2014-06-02T01:00:09-0400

Answer on Question #42962, Math, Differential Geometry

A curve has the equation y=x/16(5x)4y = x / 16 * (5 - x)^4. Calculates the values of xx for which dydx=0\frac{dy}{dx} = 0. Given that a small change, pp, is made in the xx-coordinate at the point (4,0.25)(4,0.25), calculate, in terms of pp, the approximate change in the yy-coordinate.

Answer.

y=x(5x)416dydx=(5x)4164x(5x)316=5(1x)(5x)316y = \frac{x (5 - x)^4}{16} \rightarrow \frac{dy}{dx} = \frac{(5 - x)^4}{16} - \frac{4x (5 - x)^3}{16} = \frac{5(1 - x)(5 - x)^3}{16}


So, dydx=0\frac{dy}{dx} = 0 when x=1x = 1 or x=5x = 5.

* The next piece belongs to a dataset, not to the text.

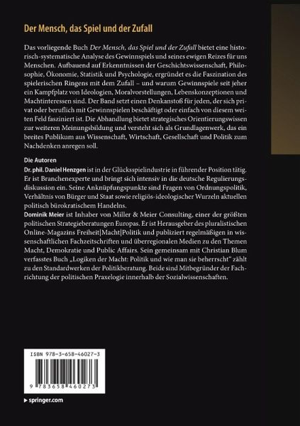 Dr. phil. Daniel Henzgen ist in der Glücksspielindustrie in führender Position tätig. Er ist Branchenexperte und bringt sich intensiv in die deutsche Regulierungsdiskussion ein. Seine Anknüpfungspunkte sind Fragen von Ordnungspolitik, Verhältnis von Bürger und Staat sowie religiös-ideologischer Wurzeln aktuellen politisch bürokratischen Handelns. Dominik Meier ist Inhaber von Miller & Meier Consulting, einer der größten politischen Strategieberatungen Europas. Er ist Herausgeber des pluralistischen Online-Magazins Freiheit Macht Politik und publiziert regelmäßigen in wissenschaftlichen Fachzeitschriften und überregionalen Medien zu den Themen Macht, Demokratie und Public Affairs. Sein gemeinsam mit Christian Blum verfasstes Buch "Logiken der Macht: Politik und wie man sie beherrscht" zählt zu den Standardwerken der Politikberatung. Beide sind Mitbegründer der Fachrichtung der politischen Praxelogie innerhalb der Sozialwissenschaften.

Let x=4+py(4+p)=(4+p)(1p)416x = 4 + p \rightarrow y(4 + p) = \frac{(4 + p)(1 - p)^4}{16}.

For small pp, y(4+p)=415p16+O(p2)=0.251516p+O(p2)y(4 + p) = \frac{4 - 15p}{16} + O(p^2) = 0.25 - \frac{15}{16} p + O(p^2).

Therefore, the approximate change in the yy-coordinate is: Δy=1516p\Delta y = -\frac{15}{16} p.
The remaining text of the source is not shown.